It is the invention of Korea Patent Publication No. 10-496655 to solve the problems of the above-described invention 10-286246.

The invention of No. 10-496655 discloses that a metal mixed powder made of graphite, copper, iron, etc. is coated on the back of the metal plate for the purpose of sintering and bonding the metal mixed powder having excellent lubricating properties to the metal plate. Claims [1] A method of manufacturing a sliding bearing for molding and manufacturing a sliding bearing, the method comprising: applying a bonding material to a non-graphite mixed metal powder containing no graphite on a surface of the metal plate and graphite on the coated non-graphite mixed metal powder; And a bearing material coating step of coating the graphite mixed metal powder in such a manner that the distribution of the particles is gradually increased. &Quot;

According to the invention of No. 10-496655, graphite does not exist between the metal plate and the small-bonded metal layer, so that it does not act as an interfacial bond preventing material, and the interface bonding property is superior to that of the invention of No. 10-286246, The invention is also formed by mixing graphite in a powder form to form a metal powder, so that the metal parts (iron alloy parts) of the three-dimensional network structure in the sintered body are not continuously maintained due to the distribution of the fine solid lubricant and as a result The sintered metal structure becomes discontinuous and nonuniform, leading to weak hardness and strength, making it difficult to use as a bearing for high loads and harsh environments. In particular, when sintering metal powders containing a large amount of graphite in powder form, the graphite powder not only functions as a material that prevents and suppresses sintering but also makes forming and sintering fundamentally difficult, even if sintering is partially. Is very weak in strength and difficult to use for structural purposes. In addition, the fine graphite powder is difficult to uniformly distribute the graphite powder in contact with a portion of the sintered body to form a fragile portion, which may cause breakage of the small-bonded alloy layer during the use of the sliding bearing.

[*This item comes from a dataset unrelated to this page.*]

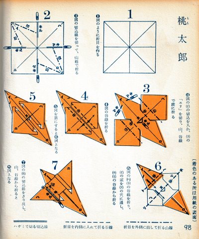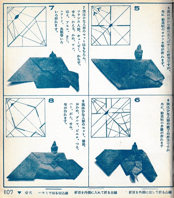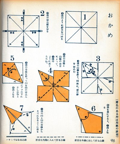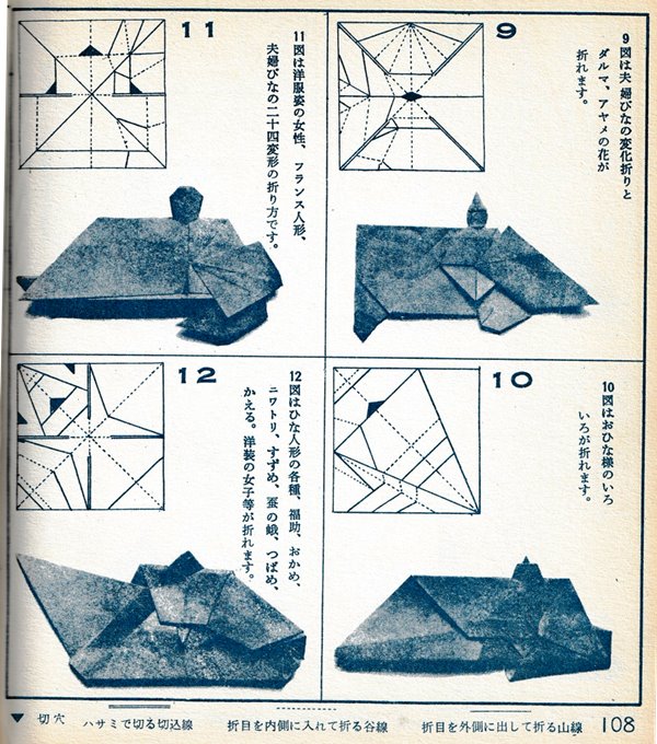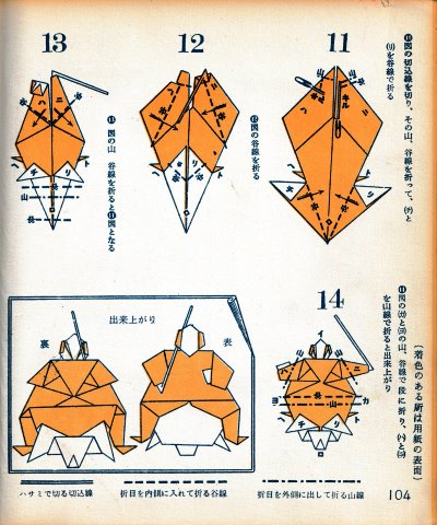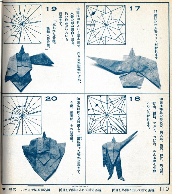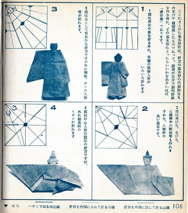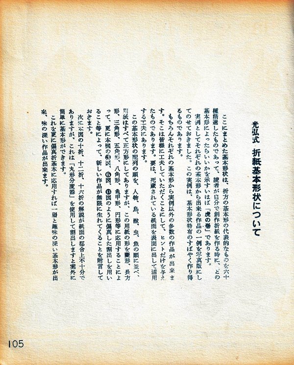 ********** Preface Roughly translated this Preface reads: 'Origami, a traditional Japanese art passed down since ancient times, was created under the condition that the paper should not be cut, which naturally limited the types of work that could be created. So I came up with a method to cut the paper in the right places from the beginning, bringing to the surface those parts of the paper that would go unused in traditional folding methods, and making them usable. This allows you to create works with limitless freedom. This new origami method was named 'Mitsuhiro-style origami', and after receiving hundreds of utility model patents, the basic method was researched and developed. Various exhibitions were held over the three eras of meiji, Taisho and Showa, and several books on basic origami were published. It gives me great joy that today 'Mitsuhiro-style origami' has become a standard , common origami technique. This time, based on my many years of research into origami, I have once again collected some representative basic forms that , with a little ingenuity, can be used to create any number of artistic creations, and I would like to share these with you in this final book. This book is the definitive work about 'Mitsuhiro-style origami' and I am confident that it will remain a classic of origami for many years to come. My research into origami has been passed down through three generations - mother, son, and grandson - for over 100 years. I am the second generation. My mother was born in the Tenpo era and served for many years as a maid to Lord Todo of Tsu City. She loved origami and handicrafts, creating many pieces in her spare time. However, they were burned in the Great Kanto Earthquake, and it was a great shame that the beautiful works she researched and created afterwards were also burned in an ocupational accident. My son, Okumasa, is a Zen monk, but he is also the third generation of origami reserachers, studying the art of folding origami. My origami history: In 1908 the basic method of folding origami was registered as a utility model for the first time. I subsequently received over 100 new invention patents. In February 1931 I held my first exhibition of origami works at Mitsubishi Department Store in Nihonbashi. In 1933 I published the books 'Origami Textbook', 'Origami Basic Diagram Collection' and 'New Origami Folding Methods'. In September 1933 I received the Merit Award for 'Origami Invention' from the Imperial Institute of Invention at the awards ceremony for inventors.'

The present invention has been made to solve the above-mentioned problems of the prior art, a steel-based iron-based sintered sliding bearing that can contain a large amount of solid lubricant in the friction layer, while having excellent bonding between the sintered metal and the steel substrate To provide.

Another object of the present invention is to provide a steel-based iron-based sintered sliding bearing having a high load resistance and abrasion resistance is uniform and stabilized sintered metal crystals.

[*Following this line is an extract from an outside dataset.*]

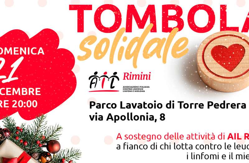 Domenica 21 dicembre 2025, alle ore 20:00, AIL Rimini organizza una Tombola Solidale, presso il Parco Lavatoio di Torre Pedrera, in via Apollonia 8. L’iniziativa, giunta a un nuovo appuntamento natalizio, rappresenta un’occasione concreta per sostenere chi ogni giorno affronta leucemie, linfomi e mieloma.

Steel base iron-based sintered sliding bearing according to the present invention to achieve the above object is

Steel substrate; A bonding layer sintered and formed with only iron-based metal powder at a predetermined thickness on the friction side surface of the steel substrate; And a sintering molding on the bonding layer at the same time as the bonding layer, and a sintering-molding friction layer in which the granular solid lubricant having a particle size of 0.04 mm-2 mm in the iron-based metal powder is regularly arranged while maintaining a constant distance between the particles. It characterized by including.

The iron-based metal powder used for the sintering of the bonding layer is 10-30% by weight of copper powder finely divided into 250 mesh or less, among nickel, titanium, silicon, aluminum, cobalt, chromium, manganese or tin. Further containing 0.5-20% by weight of one or more selected metal powder, the iron-based metal powder used for the sintering of the friction layer is 2-20 of one or more metal powder selected from zinc, lead, tin, tungsten, molybdenum It is preferable to contain more weight%.

In addition, the solid lubricant is one or more solid lubricants selected from graphite, molybdenum disulfide (MoS ₂ ) or tungsten disulfide (WS ₂ ), 20 to 60% by volume contained in the friction layer (Y) It is preferable.

The granular solid lubricants 10a, 10b, 20a, and 20b may be arranged in a single layer or a plurality of layers.

Hereinafter, with reference to the accompanying drawings will be described in detail a preferred embodiment of the steel-based iron-based sintered sliding bearing according to the present invention.

1 is a perspective view of a flat-type steel-based iron-based sintered sliding bearing according to the present invention, Figure 2 is a perspective view of a bush-type steel-based iron-based sintered sliding bearing according to the present invention, respectively.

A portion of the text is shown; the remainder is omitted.